Exercise aim: What are the lines, word for word, from the line with "ヘコむあだ名 | 『せとそうた(笑)』『つくし』 |" up to and including the line with "Our signature design" in the records below? Omit the pictures.

Records:

..........

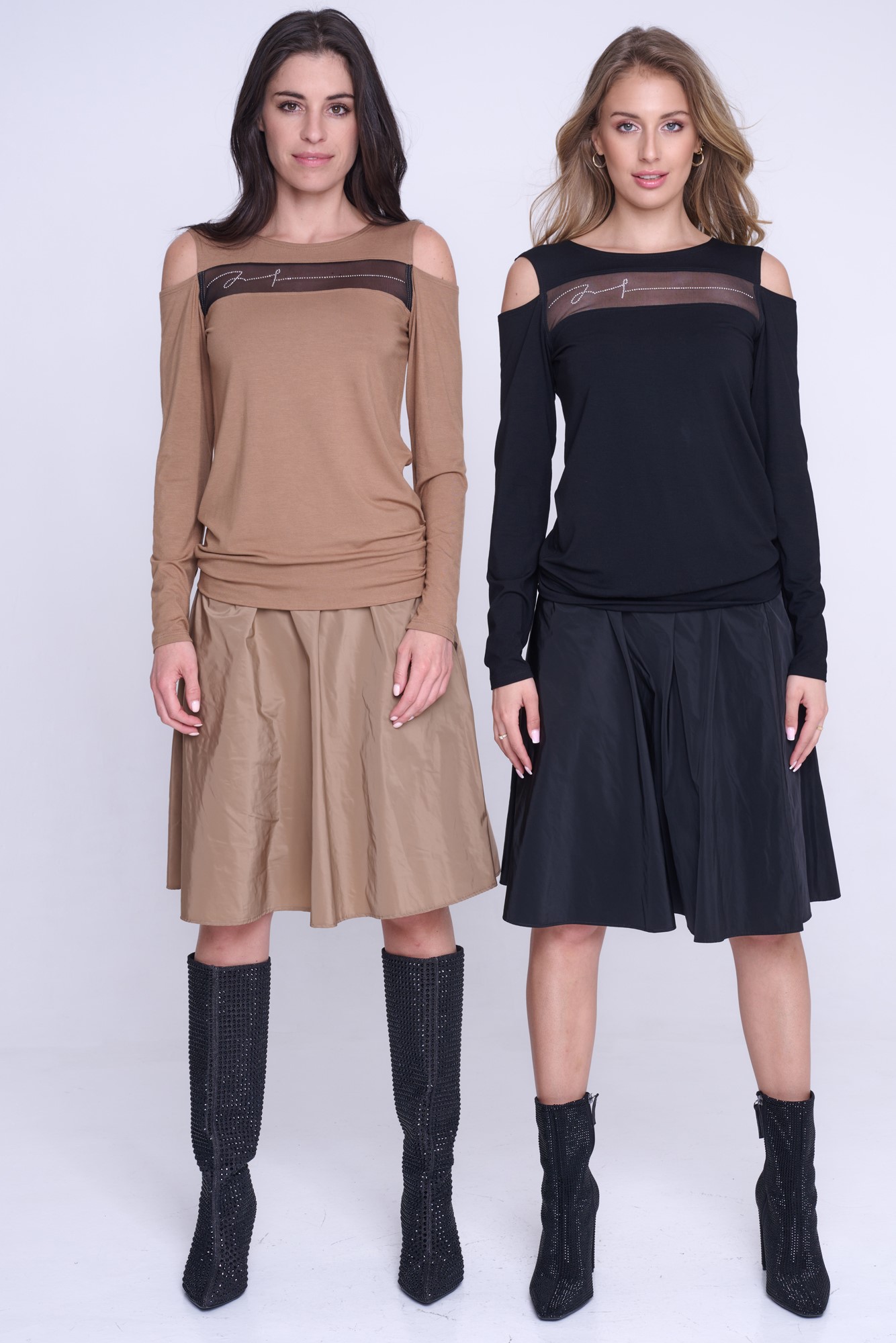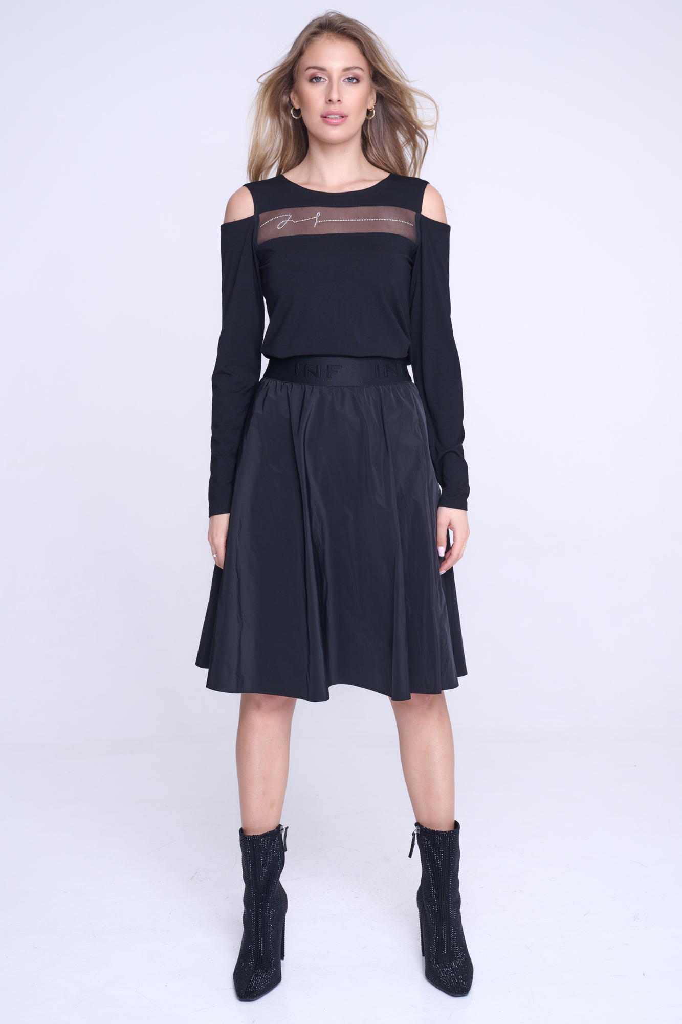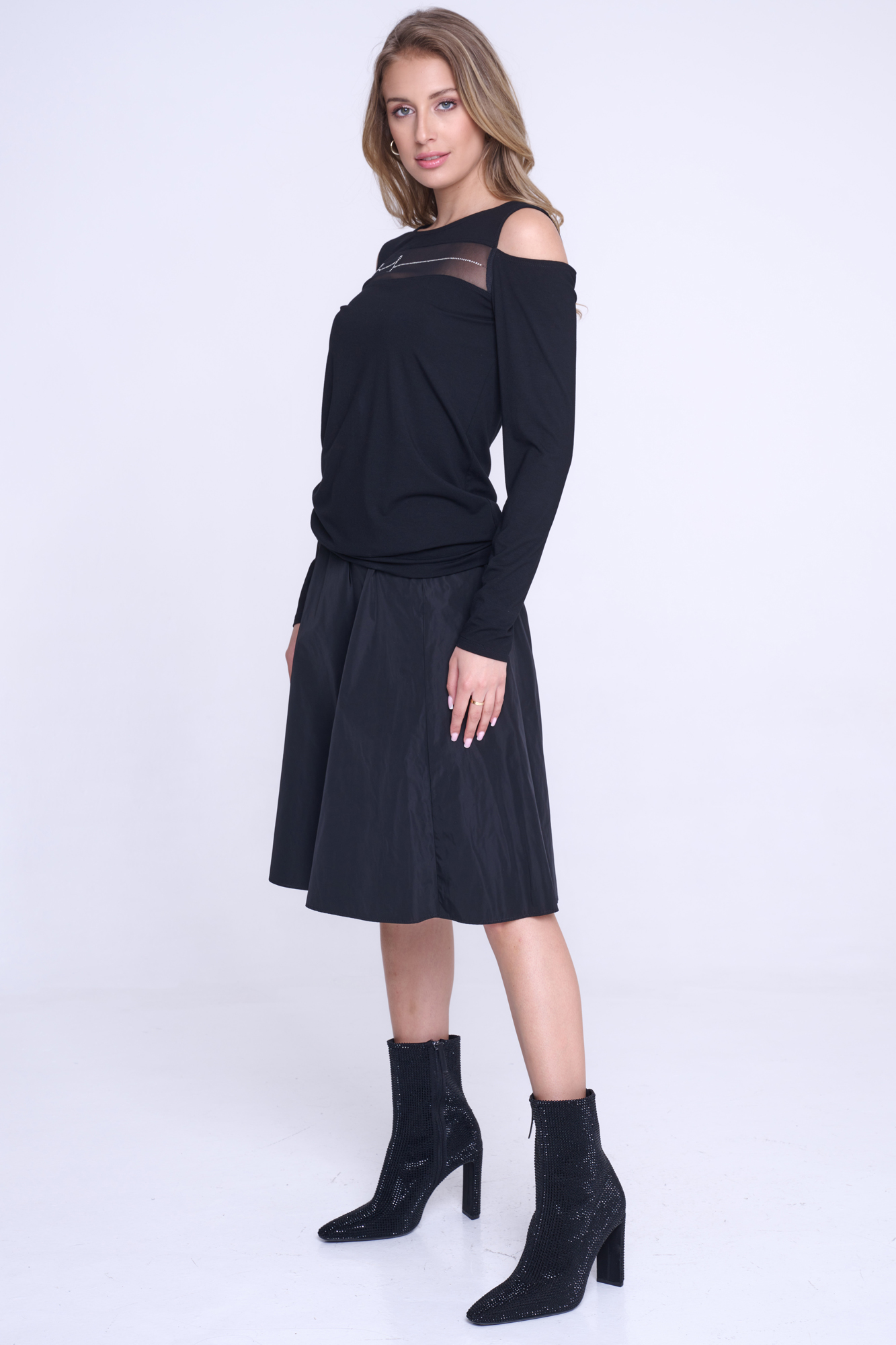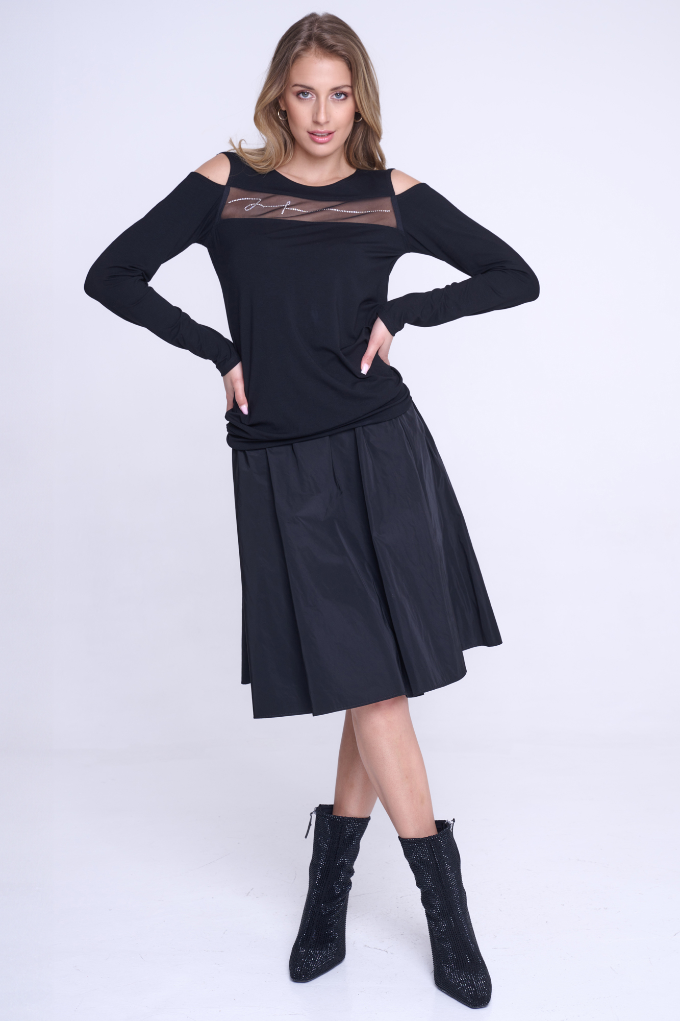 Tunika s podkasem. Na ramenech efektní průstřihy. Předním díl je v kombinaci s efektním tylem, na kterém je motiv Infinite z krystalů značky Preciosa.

..........

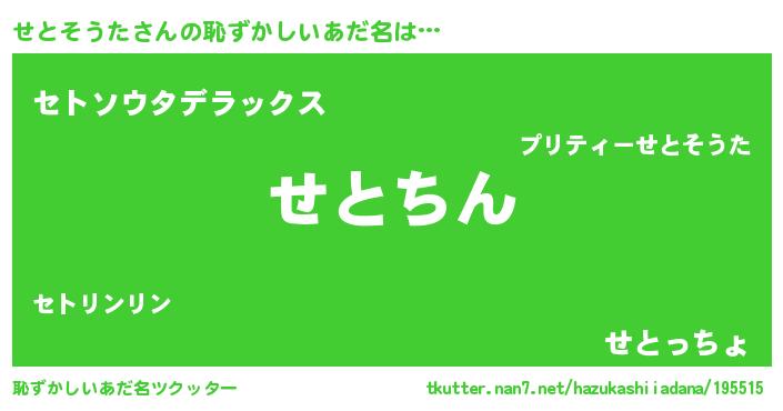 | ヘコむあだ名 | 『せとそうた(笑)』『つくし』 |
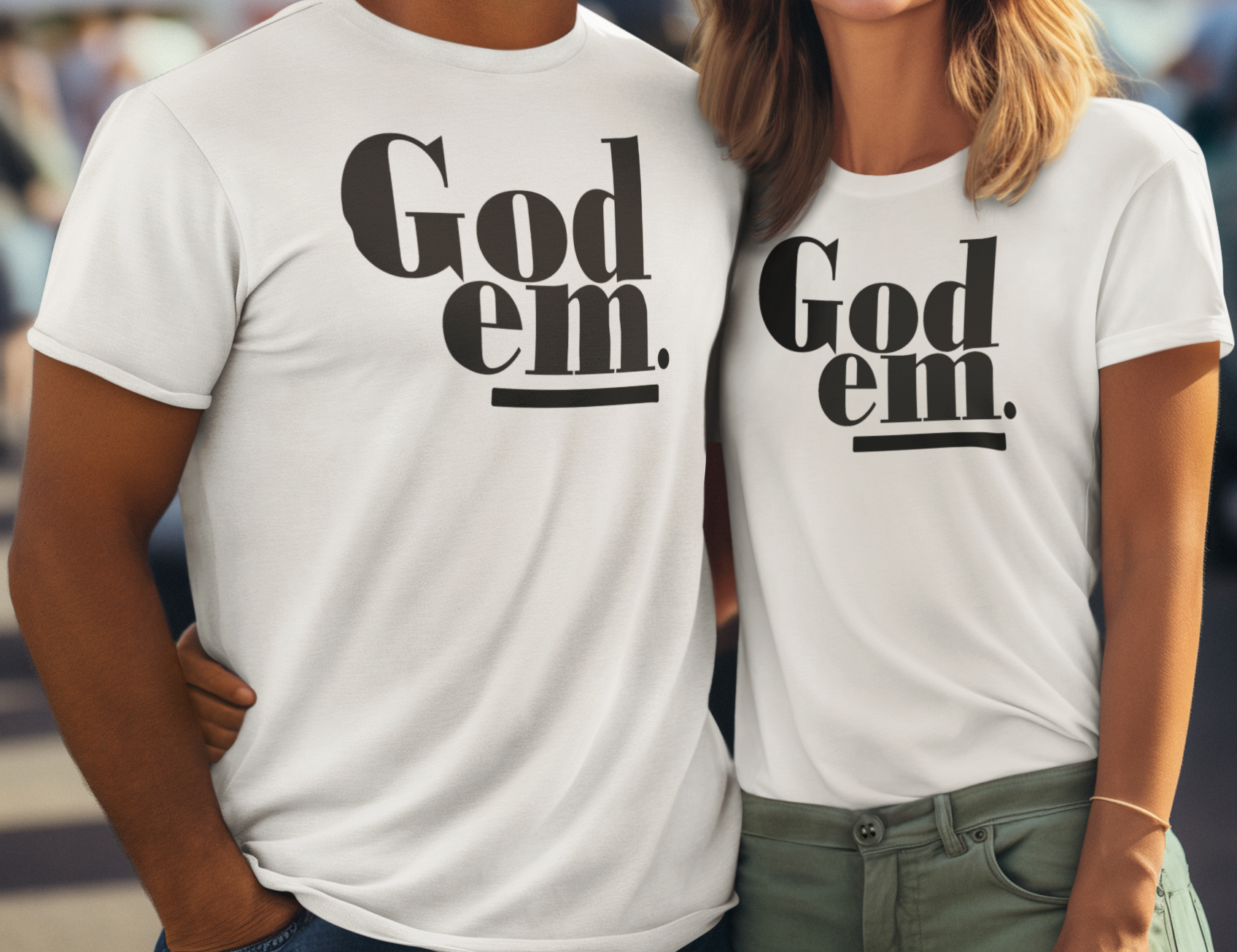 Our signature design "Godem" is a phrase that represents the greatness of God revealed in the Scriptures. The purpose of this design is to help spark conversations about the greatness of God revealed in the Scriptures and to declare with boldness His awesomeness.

..........

Answer for the task:
 | ヘコむあだ名 | 『せとそうた(笑)』『つくし』 |
 Our signature design "Godem" is a phrase that represents the greatness of God revealed in the Scriptures. The purpose of this design is to help spark conversations about the greatness of God revealed in the Scriptures and to declare with boldness His awesomeness.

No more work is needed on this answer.